Your objective: Exactly the lines from the one holding "为艺术与设计学院设计的圣诞贺" through the last line of the listing below must appear in the answer, and no pictures.

---------- Supplied material

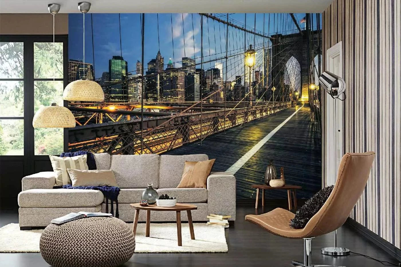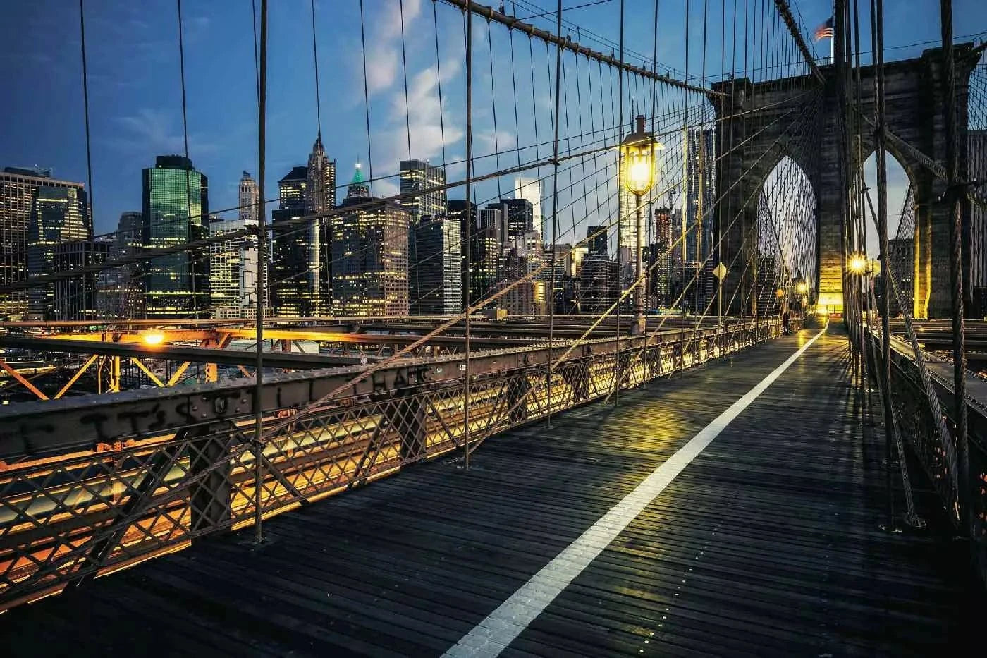 Wall Murals with theme of USA - Brooklyn Bridge at night, 375x250 cm
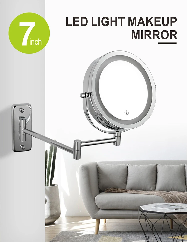 Настенное двухстороннее зеркало для макияжа в ванную комнату 7 дюймов со светодиодсветильник кой умное Сенсорное регулируемое вращение на 360 градусов зеркало для туалетного столика
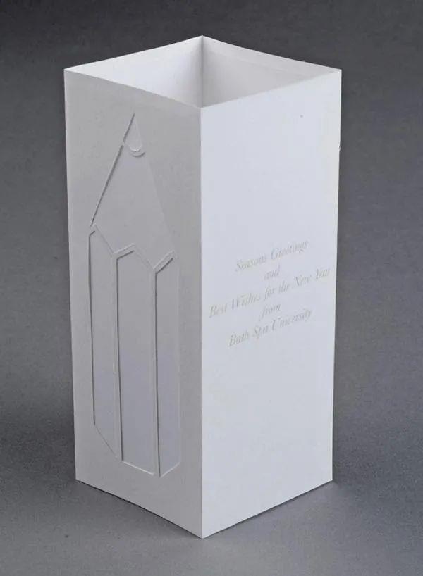 为艺术与设计学院设计的圣诞贺卡。该设计使得可以对卡片进行扁平包装,该卡片可以通过邮递方式交付,并且一旦打开就可以折叠成灯笼。
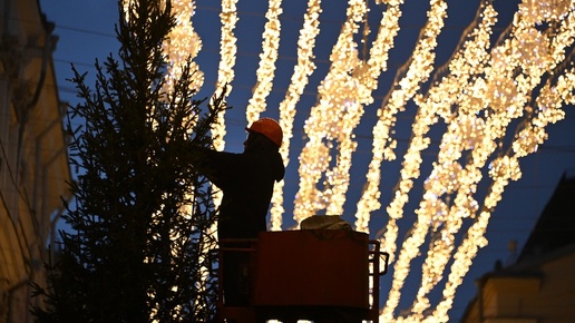 В Театральном сквере Уфы устанавливают новогоднее освещение

--------------------

Exercise result:
 为艺术与设计学院设计的圣诞贺卡。该设计使得可以对卡片进行扁平包装,该卡片可以通过邮递方式交付,并且一旦打开就可以折叠成灯笼。
 В Театральном сквере Уфы устанавливают новогоднее освещение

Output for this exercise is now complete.